Вот четыре дня, как я в Петербурге и смотрю на его веселую жизнь… Мы остановились с А. Ф. Хейном на Невском проспекте, в гостинице «Москва». Из окон ее видно все…»
Он писал за столом у окна, из которого был виден Невский проспект и одна из четырех конных статуй Клодта на Аничковом мосту. Упершись коленом в гранит, юноша натягивал повод, пригибая голову коня. Обнаженные бронзовые мускулы его были припорошены февральским снежком. На спине коня лежала снежная попона, на кудрях юноши — снежная шапка. Суриков впивался в это чудо мастерства, застывшее под свинцово-фиолетовыми отсветами зимнего петербургского неба.
По тротуару сновали прохожие, опережая друг друга, заходя в лавки. По мостовой, понукая лошаденок, ехали извозчики с седоками попроще, их обгоняли роскошные сани; запряженные рысаками. Под медвежьей полостью сидел какой-нибудь важный сановник с дамой в меховой ротонде и крошечной шапочке на высоко взбитой прическе. Кучер, держа вожжи на вытянутых руках, с пренебрежением покрикивал на извозчиков: «Пади!» — и те шарахались в сторону, уступая ему дорогу.
«…Народ и в будни и в праздники одинаково движется. Я несколько раз гулял и катался по Невскому. Как только я приехал, то на другой день отправился осматривать все замечательное нашей великолепной столицы… Был и в Эрмитаже и видел все знаменитые картины…»
Суриков положил перо.
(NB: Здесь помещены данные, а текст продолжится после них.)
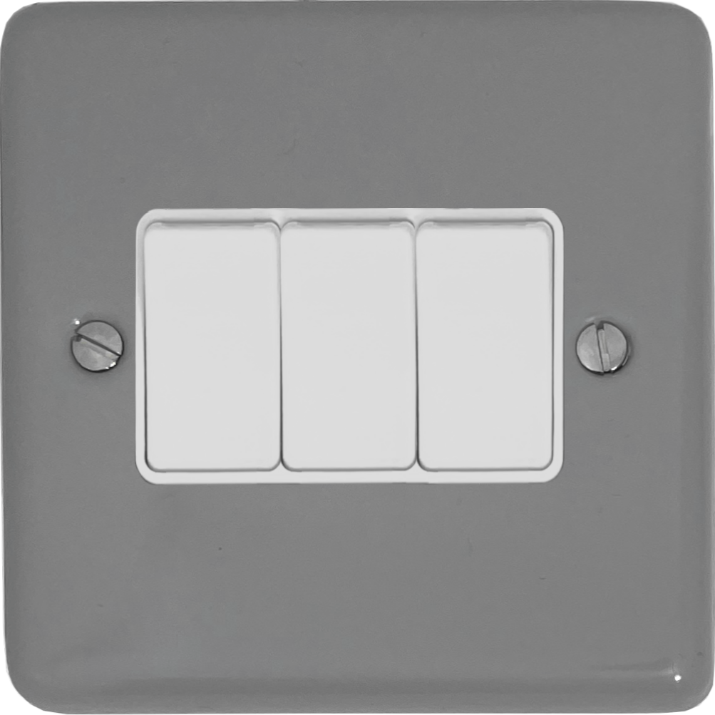 Contour Light Grey Light Switch (3 Gang/White Plastic Switch) CL.3W.LG
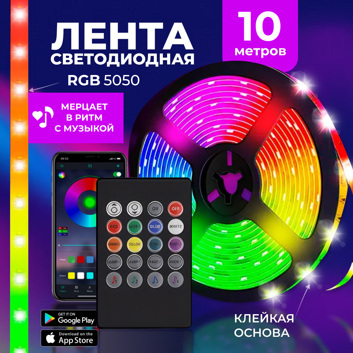 10 цен на Светодиодная лента RGB Bluetooth с пультом управления многоцветная, подсветка, 10 метров/ диоды 5050
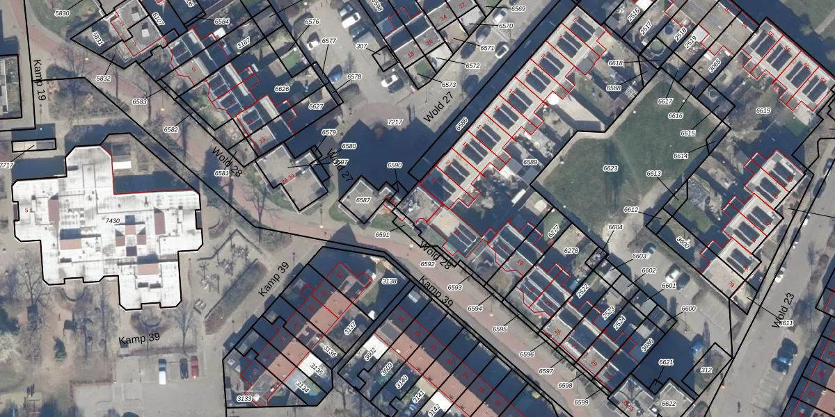 Het perceel waarop Wold 27 33 staat heeft een oppervlakte van 1612 m². Dit is een zeer groot perceel. De perceeloppervlakte wordt geregistreerd door het Kadaster. Gedetailleerde informatie over de maten van dit perceel kunt u vinden in het rapport Kadastrale kaart met maatvoering van Wold 27 33.
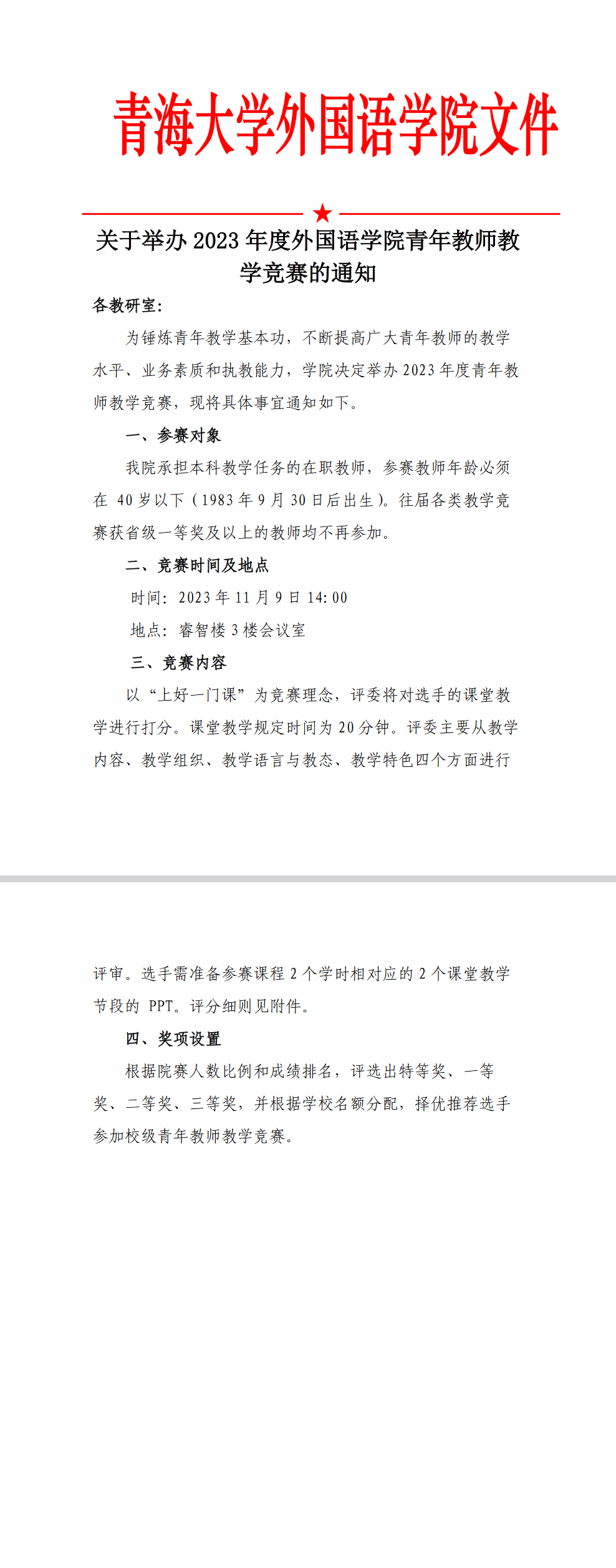 关于举办2023年度海角论坛 青年教师教学竞赛的通知

В душе его неотвязно теснились и сменялись одно другим впечатления. Какого праздничного великолепия и гармонии были исполнены прославленные дворцы Невской столицы!
Зимний, весь в кружевах белых наличников, масках, двухъярусных колонках между окнами, статуях и вазах на кровле, сияющий вечером тысячами огней, Зимний, созданный гениальным итальянцем Растрелли «для одной славы всероссийской», как писал он сам…
Шереметевский «Фонтанный дом», отделенный от реки прихотливым узором чугунной ограды… Воронцовский — напоминающий роскошную барскую усадьбу в центре города… Строгановский — на углу Невского и Мойки… Львиная голова, ощерившаяся над аркой ворот.
А вчера, гуляя по городу, Вася забрел на чудесный горбатый мостик с крылатыми львами-грифонами. Оттуда прошел к Летнему саду. Над высокой легкой решеткой огромные столетние липы раскинули ветви, сплошь покрытые хрустальной изморозью. Сказочная красота!..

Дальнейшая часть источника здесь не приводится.